Brief description of the figures
-
Figure 1. Schematic representation of a method in which
detection of a biological molecule of a combinatorial library.
may be blocked by a blocking agent. In this example the
blocker comprises a sequence that is complementary to a part
of the nucleic acid sequence of the biological molecule
thereby allowing hybridization. Both the biological molecule
and the blocker comprise a fluorescent label (indicated with
an open circle). Through the close proximity of the labels of
the blocker and the biological molecule, fluorescence of at
least the label associated with the biological molecule is
quenched (FRET; Fluorescence: Resonance Energy Transfer)
thereby not allowing detection of the biological molecule
that is associated with the blocker. Quenching of course does
not take place when no blocker is associated, thus allowing
detection of the label associated with the biological
molecule when the biological molecule is not associated with
the blocker.
-
Figure 2. Schematic representation of a method in which
detection of a biological molecule of a combinatorial library
may be blocked by a blocking agent. In this example the
blocker comprises a sequence that is complementary to a part
of the nucleic acid sequence of the biological molecule
thereby allowing hybridization. Hybridization of the blocker
prevents at least in part hybridization of a PCR primer
thereby disabling at least in part the amplification of
biological molecule nucleic acid and thereby subsequent
detection. Amplification of biological molecules, not
comprising a blocker, is not impaired thereby allowing
amplification and subsequent detection of unblocked
biological molecules.
-
Figure 3. Schematic representation of a method in which
detection of a biological molecule of a combinatorial library
may be blocked by a blocking agent. In this example the
blocker comprises a protein nucleic acid (PNA) sequence that
is complementary to a part of the nucleic acid sequence of
the biological molecule thereby allowing hybridization.

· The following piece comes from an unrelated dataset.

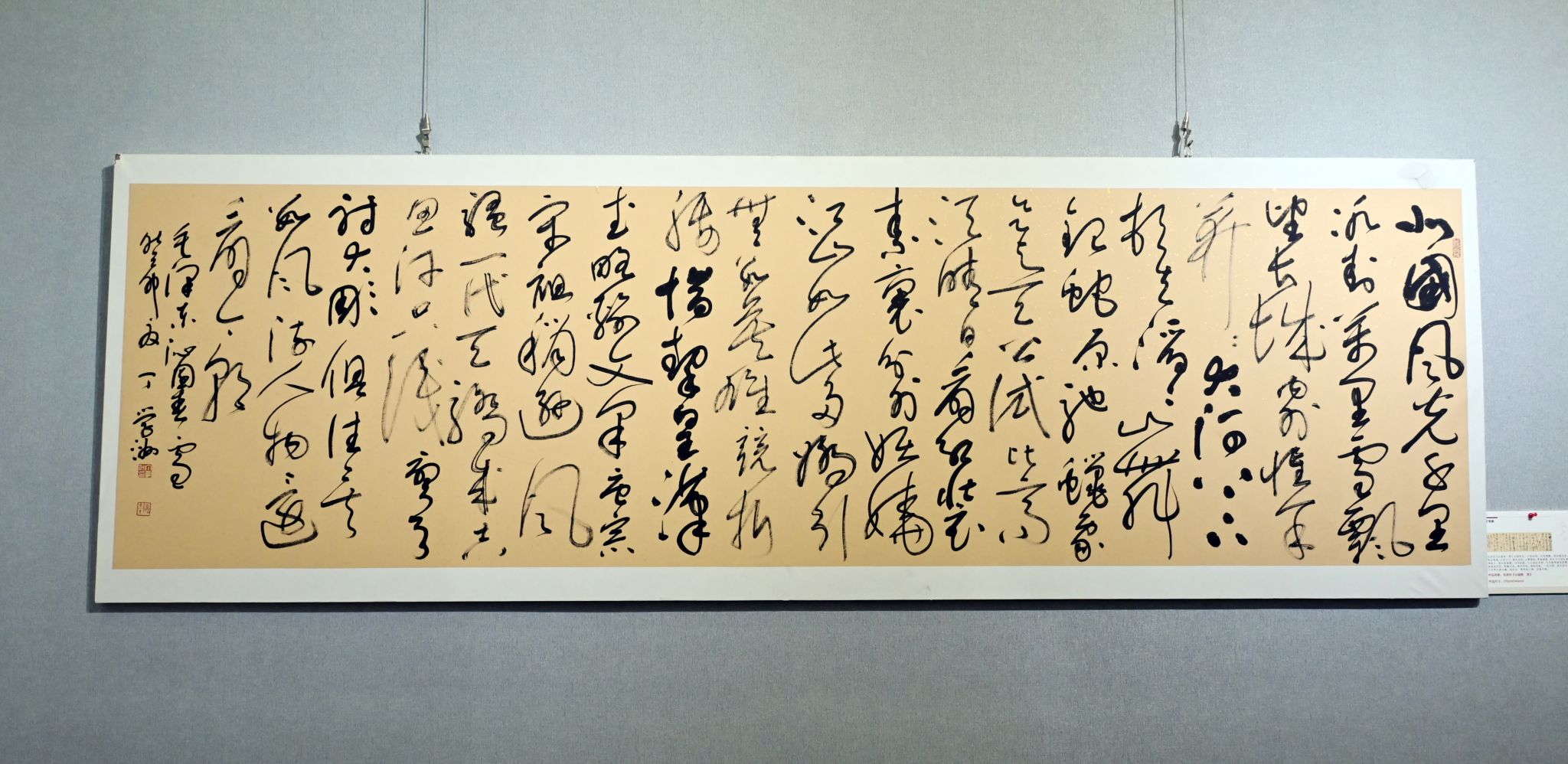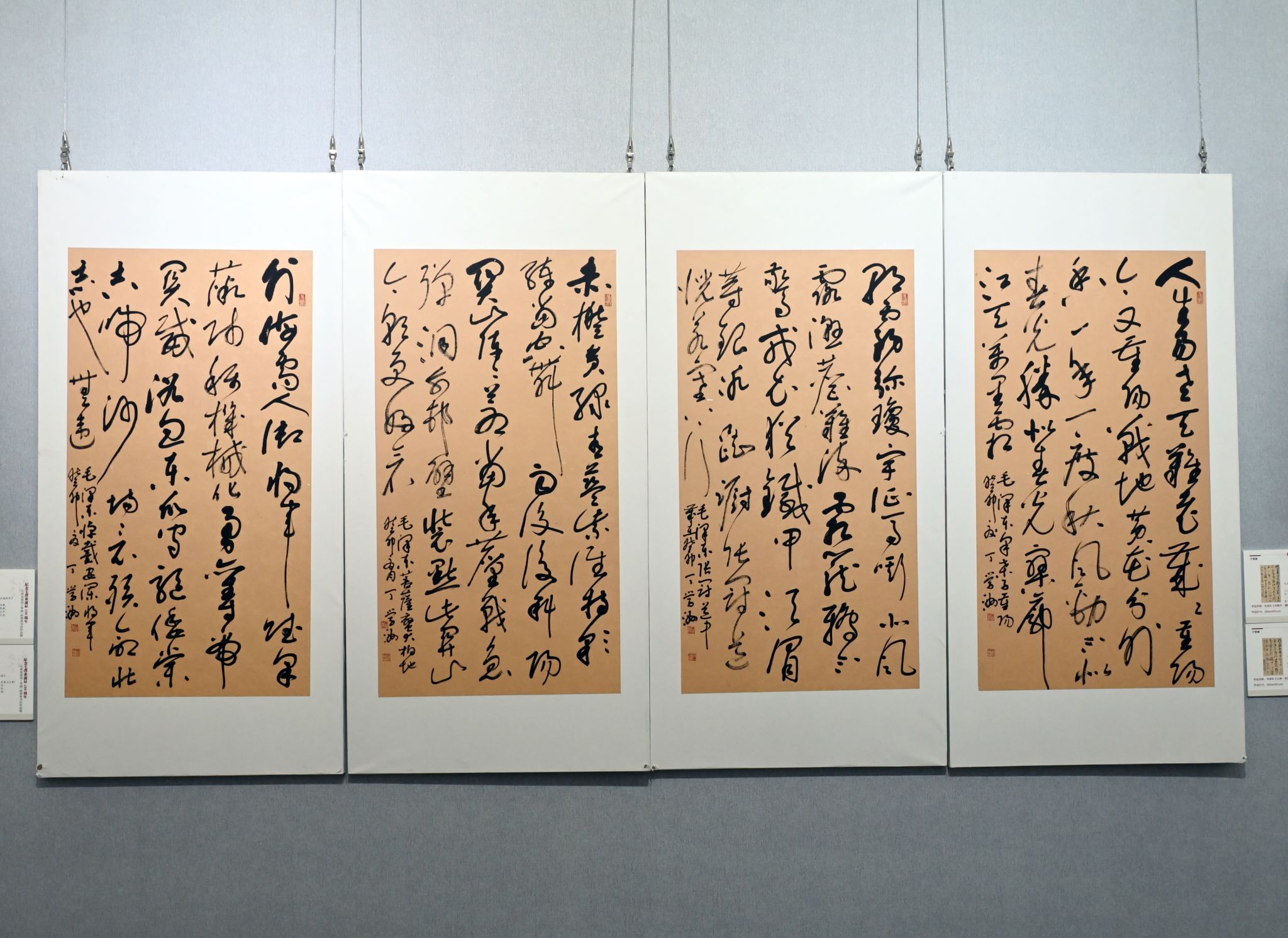 本次展览共展出以毛泽东诗词为内容书写的书法作品130幅。一代伟人毛泽东,其一生创作诗词数百首,诗词境界博大开阔、气势磅礴、蕴含丰富,以现实主义和浪漫主义相结合,表达了老一辈无产阶级革命家伟大的爱国主义、英雄主义和共产主义革命理想。两位书法家用笔墨诉说了对毛泽东诗词精神内涵和艺术价值的深入领悟,潜心创作了大量富有时代精神的书法佳作,文气墨韵融汇,相映成趣,气吞万里如虎。

Hybridization of the blocker in this example, inhibits a
selectable quality such as a restriction site, thereby in the
case of a restriction site, disallowing cloning of the
blocked biological molecule. When the detection system
comprises detection of cloned biological molecules then
inhibition of the selectable quality results in blocking of
detection of blocked biological molecules.
-
Figure 4. Schematic representation of an example wherein the
blocker is associated to a solid support. The solid support
may be a bead as depicted and/or a surface. In this schematic
representation the blocker is associated with a biological
molecule of the library.
-
Figure 5. Photograph of an ethidiumbromide stained 12%
polyacrylamid gel containing separated DNA after PCR. On top
is indicated if template DNA and/or PNA was added to the PCR
mixture. Each PCR mixture also contained 2.5 * 10-7 M of both
primers OMP351 and P1A, 0.25 mM of each dNTP and 5 U SuperTaq
(HT Biotechnologies Ltd., Cambridge, UK) polymerase in a
total volume of 100 µl SuperTaq buffer. Before starting the
PCR 70 µl of mineral oil is put on top to avoid evaporation.
The PCR was performed on a hybaid™ thermal reactor (HYBAID,
Middlesex, UK), using to following program: 10' 95°C, 17
cycles {1' 95°C, 1' 56°C, 1' 48°C, 1' 72°C}, 10' 72°C. Of each
sample 20 µl was mixed with 5 µl loading buffer and separated
on a 12% polyacrylamid gel at 10 V/cm for 2 hours (detailed
procedure: J. Sambrook, E.F. Fritsch, T. Maniatis, Molecular
Clonin: A laboratory manual. Cold Spring harbor Laboratory
press, 1989). DNA was visualized with UV after
ethidiumbromide staining. DNA concentration after PCR was
determined using the PicoGreen dsDNA Quantitation Kit
(Molecular Probes Eugene, Oregon, USA) and a LS50B
luminescence spectrometer with well-plate reader (Perkin-Elmer
Corp., Analytical Instruments, Norwalk CT, USA).